If you ruled out the port getting fogged i would be looking at the lens. Loose the TC to remove another variable.

Are you able to seal the camera in an air conditioned space?

Edited by Dave_Hicks

Might have been condensation on the rear element of the fisheye lens of the front element of the 2x. Particularly the last frame looks foggy like condensation. This could happen if the camera/lens was cold and had come out of an air conditioned area. The housing would warm up in the air as would the dome, but the 8-15 is a heavy lump of glass and could have stayed cold (high thermal mass). As it slowly warmed up the condensation re-evaporated. Opening up on the boat could have let very humid air in, more humid than back on land.

Sealing in an air conditioned space is good, but if you open the housing you let humid air in and it will find the coldest thing to condense on. Ideally have your camera outside at ambient temperature and bring it inside to seal it up.

For me like the other... condensation

I allways try to close the housing in a an air conditioned space... (if it is possible)

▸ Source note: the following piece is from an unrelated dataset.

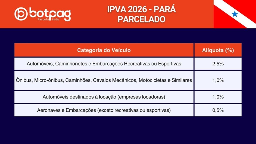 O valor do IPVA 2026 Pará é calculado aplicando-se a alíquota correspondente sobre o valor venal do veículo, que é determinado com base na tabela Fipe (Fundação Instituto de Pesquisas Econômicas). Portanto, a alíquota é um fator chave para saber quanto você irá pagar.
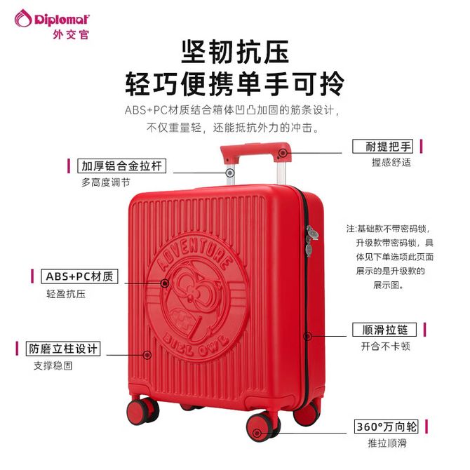 外交官/Diplomat 布布联名行李箱 短途登机箱 万向轮拉杆箱 17英寸 BB-L3303 基础款 红色 ABS+PC复合材质 360°顺滑万向轮 可调节伸缩拉杆 顺滑拉链 萌系拉链扣 兑换价格 15700 里程 会员卡别 终身白金卡 白金卡 金卡 银卡 普通卡 儿童卡 商品已下架 1. 请联系卖家咨询 2. 逛逛深圳市广聚元贸易有限公司选择其他商品 组合销售 产品介绍 产品规格 售后服务 产品咨询 发现好货 星迪威克-万向轮行李箱登机箱传统美学男女通用-750复古包角-20寸 5600 里程 恒源祥20寸网红拉杆箱行李箱拉链万向轮登机箱静音学生旅游潮流商务海关密码锁旅行箱HYX-2007 8000 里程 TYMON拉杆箱男女商务旅行登机箱TSA万向轮行李箱20英寸密码箱 黑色 幽兰丽影 12900 里程 皮尔卡丹/Pierre Cardin 20英寸简约时尚行李箱拉杆箱登机箱旅行箱密码箱子男女通用 5700 里程 旅行之家(Travelhouse)T1879 20寸全铝拉杆箱 轻盈耐磨万向轮登机箱行李箱 28900 里程

As the others say - it may be condensation, especially the last two photos...

I am not sure that the black shadows is condensation as well, maybe it is condensation at the end of the lens or on one or both ends of the TC.

Hopefully it is not the sensor (it may be a sensor on the way to die (e.g. moisture inside the layers). One should have a close look at all the components with a loupe (especially at the sensor with a special "sensor loupe" with LED lights, if you have one)...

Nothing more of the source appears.